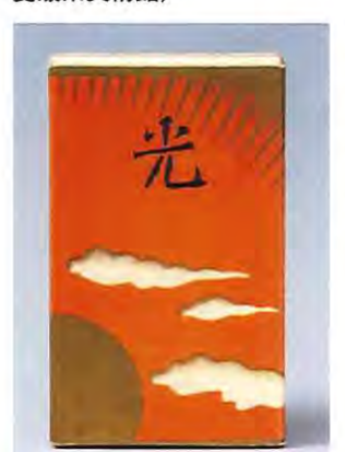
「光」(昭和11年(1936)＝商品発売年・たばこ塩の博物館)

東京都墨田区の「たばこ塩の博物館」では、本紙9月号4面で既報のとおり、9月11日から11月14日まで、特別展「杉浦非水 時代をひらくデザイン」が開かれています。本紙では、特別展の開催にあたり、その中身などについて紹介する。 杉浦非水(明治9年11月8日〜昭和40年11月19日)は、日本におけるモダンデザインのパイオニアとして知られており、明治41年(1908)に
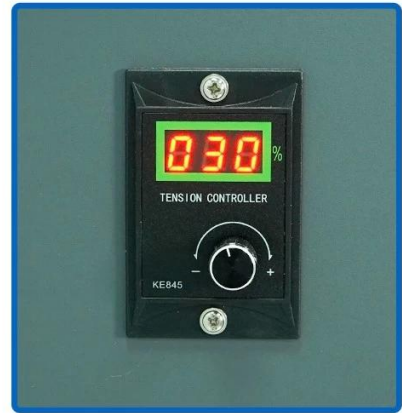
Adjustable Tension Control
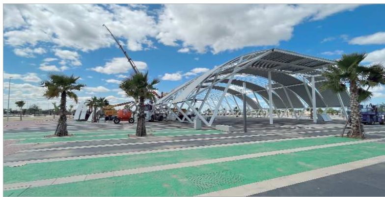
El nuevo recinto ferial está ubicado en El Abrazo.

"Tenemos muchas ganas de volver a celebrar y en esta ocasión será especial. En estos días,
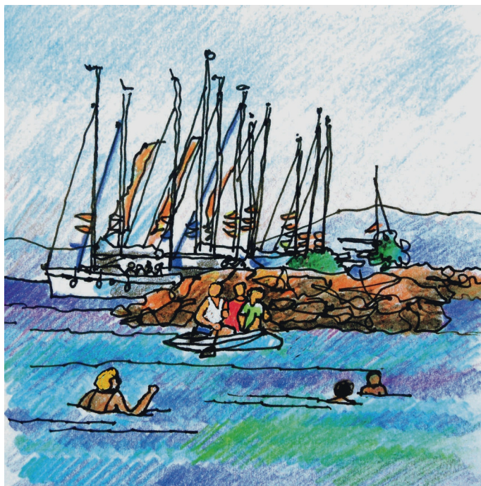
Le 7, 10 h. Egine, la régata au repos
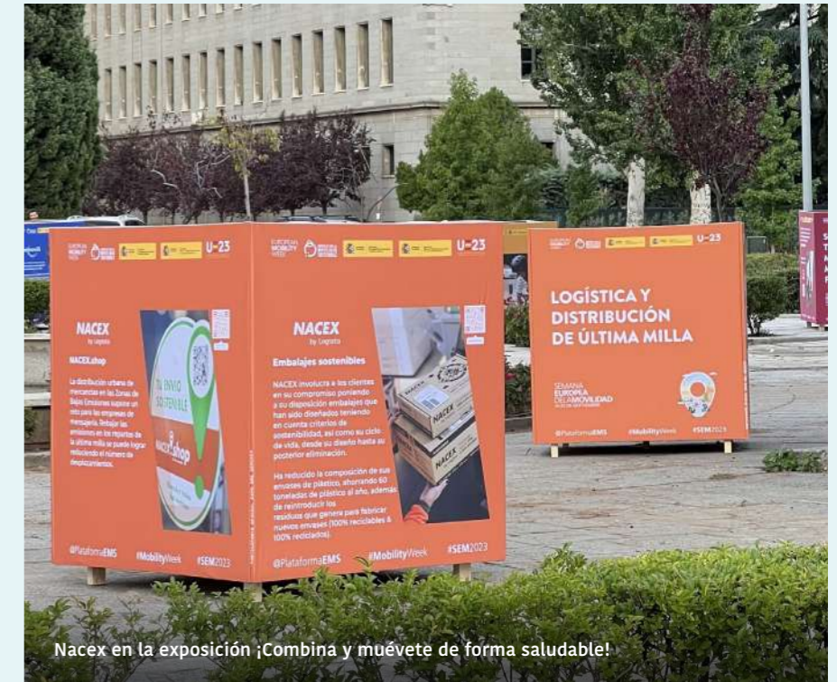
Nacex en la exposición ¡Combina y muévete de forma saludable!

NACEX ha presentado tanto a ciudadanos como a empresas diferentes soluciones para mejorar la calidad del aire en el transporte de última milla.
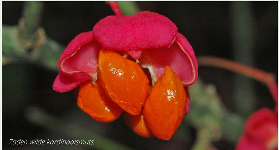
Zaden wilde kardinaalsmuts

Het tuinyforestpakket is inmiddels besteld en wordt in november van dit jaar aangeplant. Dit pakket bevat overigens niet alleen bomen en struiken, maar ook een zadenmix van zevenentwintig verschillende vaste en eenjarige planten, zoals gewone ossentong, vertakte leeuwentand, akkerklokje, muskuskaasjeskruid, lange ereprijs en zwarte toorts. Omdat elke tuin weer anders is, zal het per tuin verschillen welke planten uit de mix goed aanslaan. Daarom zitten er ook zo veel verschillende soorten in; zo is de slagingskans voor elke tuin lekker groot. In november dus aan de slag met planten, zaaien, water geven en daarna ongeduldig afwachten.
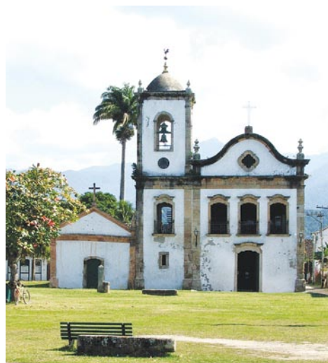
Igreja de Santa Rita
:::
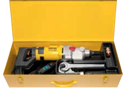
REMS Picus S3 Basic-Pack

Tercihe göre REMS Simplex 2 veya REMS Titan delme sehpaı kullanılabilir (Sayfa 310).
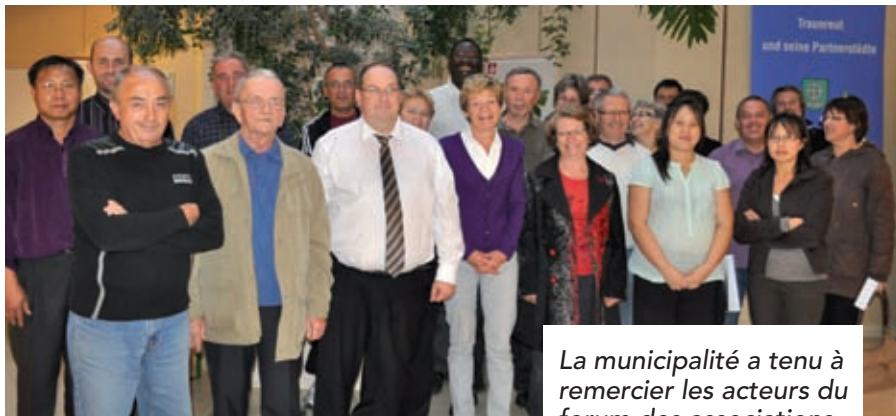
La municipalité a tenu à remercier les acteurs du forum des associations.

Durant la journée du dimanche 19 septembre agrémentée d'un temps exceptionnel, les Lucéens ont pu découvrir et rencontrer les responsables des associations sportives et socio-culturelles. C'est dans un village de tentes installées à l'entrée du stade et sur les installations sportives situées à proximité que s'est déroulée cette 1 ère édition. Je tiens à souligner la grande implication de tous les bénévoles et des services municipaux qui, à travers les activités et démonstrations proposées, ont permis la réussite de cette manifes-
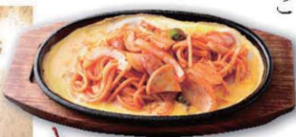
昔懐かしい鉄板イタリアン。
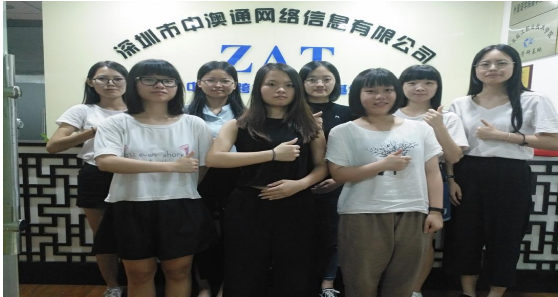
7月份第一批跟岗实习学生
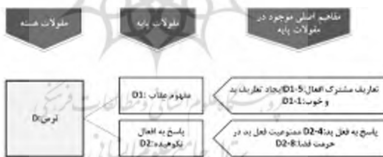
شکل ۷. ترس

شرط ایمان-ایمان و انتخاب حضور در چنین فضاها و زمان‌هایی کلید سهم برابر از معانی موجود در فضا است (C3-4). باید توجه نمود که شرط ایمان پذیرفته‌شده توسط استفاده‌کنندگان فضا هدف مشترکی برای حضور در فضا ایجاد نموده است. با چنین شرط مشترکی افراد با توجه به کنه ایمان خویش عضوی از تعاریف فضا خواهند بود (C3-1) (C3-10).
:::
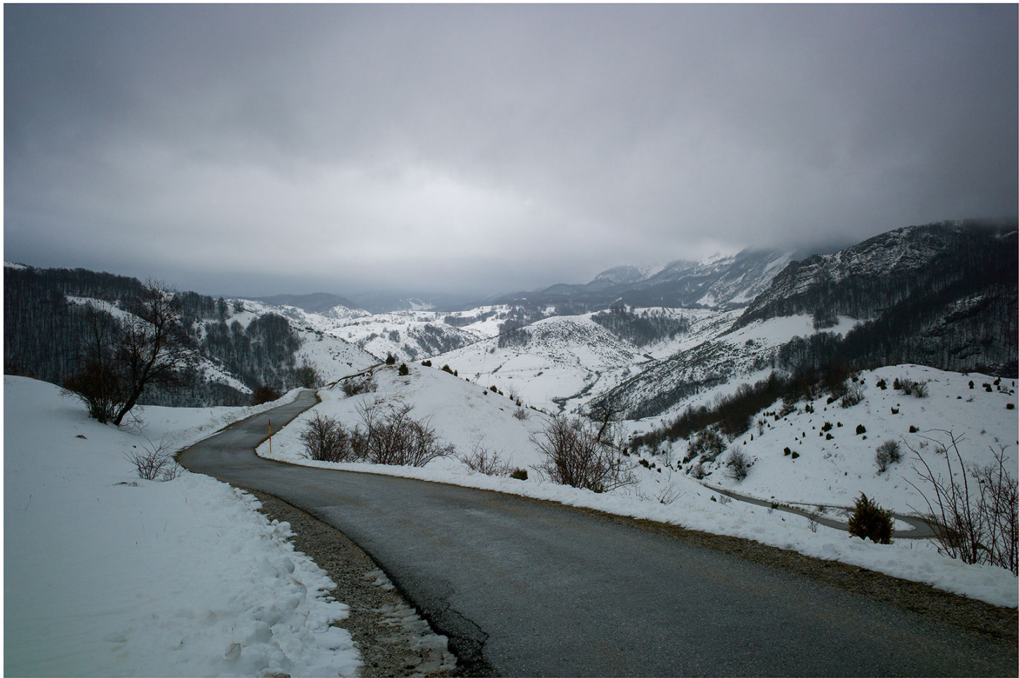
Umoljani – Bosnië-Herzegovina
:::
What to produce>
Return all lines in the entries above that carry the word "たばこ塩の博物館".

Exercise solution>
「光」(昭和11年(1936)＝商品発売年・たばこ塩の博物館)
東京都墨田区の「たばこ塩の博物館」では、本紙9月号4面で既報のとおり、9月11日から11月14日まで、特別展「杉浦非水 時代をひらくデザイン」が開かれています。本紙では、特別展の開催にあたり、その中身などについて紹介する。 杉浦非水(明治9年11月8日〜昭和40年11月19日)は、日本におけるモダンデザインのパイオニアとして知られており、明治41年(1908)に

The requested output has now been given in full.